The labrum and the labral gland share the same
characteristics in all species and castes studied so far.
Common features are a higher degree of sclerotization
of the dorsal side of the labrum, which is in general
more pronounced in soldiers, the occurrence of class
3 secretory cells at the dorsal side of labrum but
rarely within the labral gland, and the presence of
the labral gland comprising class 1 secretory cells on
the ventral side of labrum and on the dorsal side of
hypopharynx. The secretory cells are also quite similar
in their ultrastructure, showing well-developed
apical microvilli with a central channel (lacking in
Cryptocercus punctulatus), numerous vesicles of
different electron densities, abundant smooth and
rough ER, cuticle modified for secretion release,
and innervation of the secretory cells through axons
running freely within the basal invaginations (Palma-
Onetto et al., 2018). At the same time, there are also
considerable differences between termite soldiers on
the one hand and workers and imagoes on the other: (1)

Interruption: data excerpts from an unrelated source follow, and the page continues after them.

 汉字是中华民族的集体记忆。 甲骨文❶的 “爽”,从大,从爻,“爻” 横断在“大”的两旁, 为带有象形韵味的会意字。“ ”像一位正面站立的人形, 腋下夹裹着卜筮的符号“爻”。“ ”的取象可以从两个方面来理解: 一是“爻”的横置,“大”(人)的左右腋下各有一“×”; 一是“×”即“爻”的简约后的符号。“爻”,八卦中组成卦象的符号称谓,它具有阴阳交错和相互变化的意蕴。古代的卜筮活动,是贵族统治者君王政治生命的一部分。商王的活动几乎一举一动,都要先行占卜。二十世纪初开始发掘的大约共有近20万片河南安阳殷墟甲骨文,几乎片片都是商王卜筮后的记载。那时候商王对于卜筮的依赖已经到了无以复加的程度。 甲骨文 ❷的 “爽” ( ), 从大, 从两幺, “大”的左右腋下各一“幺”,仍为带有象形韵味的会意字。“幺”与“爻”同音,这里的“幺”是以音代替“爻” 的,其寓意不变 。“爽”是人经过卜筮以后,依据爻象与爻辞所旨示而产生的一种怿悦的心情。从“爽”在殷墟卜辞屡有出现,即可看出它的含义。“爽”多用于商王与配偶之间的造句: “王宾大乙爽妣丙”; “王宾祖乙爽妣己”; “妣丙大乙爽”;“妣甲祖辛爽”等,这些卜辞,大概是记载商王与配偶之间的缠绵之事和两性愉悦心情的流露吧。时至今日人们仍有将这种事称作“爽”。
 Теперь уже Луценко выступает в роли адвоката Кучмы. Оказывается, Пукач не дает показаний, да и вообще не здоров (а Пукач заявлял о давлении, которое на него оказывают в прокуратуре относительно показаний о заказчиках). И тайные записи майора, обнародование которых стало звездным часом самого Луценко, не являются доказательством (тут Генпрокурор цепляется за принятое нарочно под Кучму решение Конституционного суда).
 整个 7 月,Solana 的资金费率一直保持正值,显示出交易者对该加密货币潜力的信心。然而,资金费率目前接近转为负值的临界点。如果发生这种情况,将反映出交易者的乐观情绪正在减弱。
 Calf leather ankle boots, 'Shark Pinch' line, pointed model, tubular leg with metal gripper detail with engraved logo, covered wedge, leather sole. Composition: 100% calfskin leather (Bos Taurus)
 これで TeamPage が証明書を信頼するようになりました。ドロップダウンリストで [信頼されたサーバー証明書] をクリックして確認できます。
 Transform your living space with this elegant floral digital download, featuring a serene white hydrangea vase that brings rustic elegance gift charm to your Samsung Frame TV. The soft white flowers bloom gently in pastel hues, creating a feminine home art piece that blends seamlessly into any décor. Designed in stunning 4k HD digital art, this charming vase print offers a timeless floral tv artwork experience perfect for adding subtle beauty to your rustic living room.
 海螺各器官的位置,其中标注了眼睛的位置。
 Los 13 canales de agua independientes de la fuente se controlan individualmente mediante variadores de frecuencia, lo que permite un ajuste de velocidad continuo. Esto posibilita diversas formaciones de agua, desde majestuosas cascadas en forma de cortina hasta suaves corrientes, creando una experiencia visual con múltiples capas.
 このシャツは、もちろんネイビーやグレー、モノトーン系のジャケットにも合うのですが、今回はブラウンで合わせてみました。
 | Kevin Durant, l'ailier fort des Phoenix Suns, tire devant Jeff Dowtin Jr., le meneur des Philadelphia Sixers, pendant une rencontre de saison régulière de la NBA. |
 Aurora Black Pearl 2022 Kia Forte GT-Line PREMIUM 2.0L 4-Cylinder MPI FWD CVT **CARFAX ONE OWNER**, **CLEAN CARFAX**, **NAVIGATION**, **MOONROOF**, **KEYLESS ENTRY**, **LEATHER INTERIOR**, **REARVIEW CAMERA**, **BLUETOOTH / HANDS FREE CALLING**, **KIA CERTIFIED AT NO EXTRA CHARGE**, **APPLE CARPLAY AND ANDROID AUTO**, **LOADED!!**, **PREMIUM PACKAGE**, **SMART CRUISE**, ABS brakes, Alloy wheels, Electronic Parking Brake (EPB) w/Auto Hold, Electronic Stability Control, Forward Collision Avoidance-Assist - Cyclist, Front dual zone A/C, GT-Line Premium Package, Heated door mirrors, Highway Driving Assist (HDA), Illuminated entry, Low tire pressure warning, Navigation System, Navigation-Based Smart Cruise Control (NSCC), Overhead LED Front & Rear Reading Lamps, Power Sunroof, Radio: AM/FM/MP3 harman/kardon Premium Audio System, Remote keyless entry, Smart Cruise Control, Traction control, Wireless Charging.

the hyaline tip, present in soldiers of many advanced
species, is missing in other castes; (2) the shape of the
labrum is highly variable in soldiers whereas it is almost
identical in all workers and imagoes; and (3) overall
development of microvilli and basal invaginations is
lower in workers and imagoes (Palma-Onetto et al.,
2018). These observations suggest that the labral
gland has the same function in all castes, but plays
a more important function in soldiers. We also cannot
exclude that the labral secretion is used in a different
context by workers and imagoes, as rubbing of labral
gland secretory openings against the substrate was
observed exclusively in soldiers. Although Cryptocercus
punctulatus showed differences in the labral gland
structure in comparison to termites, such as shorter
microvilli devoid of a central channel, the presence of
microtubule bundles was shared particularly between
Cryptocercus punctulatus, and M. darwiniensis and
Hodotermopsis sjoestedti soldiers (Palma-Onetto et al.,
2018), and Glyptotermes sp. workers, suggesting it is a
common feature in basal taxa inherited from cockroach
ancestors.
The hyaline tip, a transparent and extensible
apical part of the labrum, is probably an evolutionary
novelty occurring in some soldiers of Rhinotermitidae
and Termitidae. Our mapping of ancestral characters
(Palma-Onetto et al., 2018) suggests that the hyaline tip
evolved in a common ancestor of Rhinotermitidae and
Termitidae, and was subsequently lost at least in four
independent cases: (1) all soldiers of Nasutitermitinae
in which the whole labrum is highly reduced in size
as well as all other mouth parts; (2 and 3) in snapping
soldiers, represented by two independent lineages,
Figure 4. Cuticle of the labral gland. A, highly modified
cuticle underlying the labral gland in Coptotermes testaceus
male imago. Note the enlarged pore canals. B, detail of the
apical cuticle underlying the labral gland of Coptotermes
testaceus female imago. Note the distinct layers of the
epicuticle. Abbreviations: en, endocuticle; ep, epicuticle; ex,
exocuticle; s, secretion.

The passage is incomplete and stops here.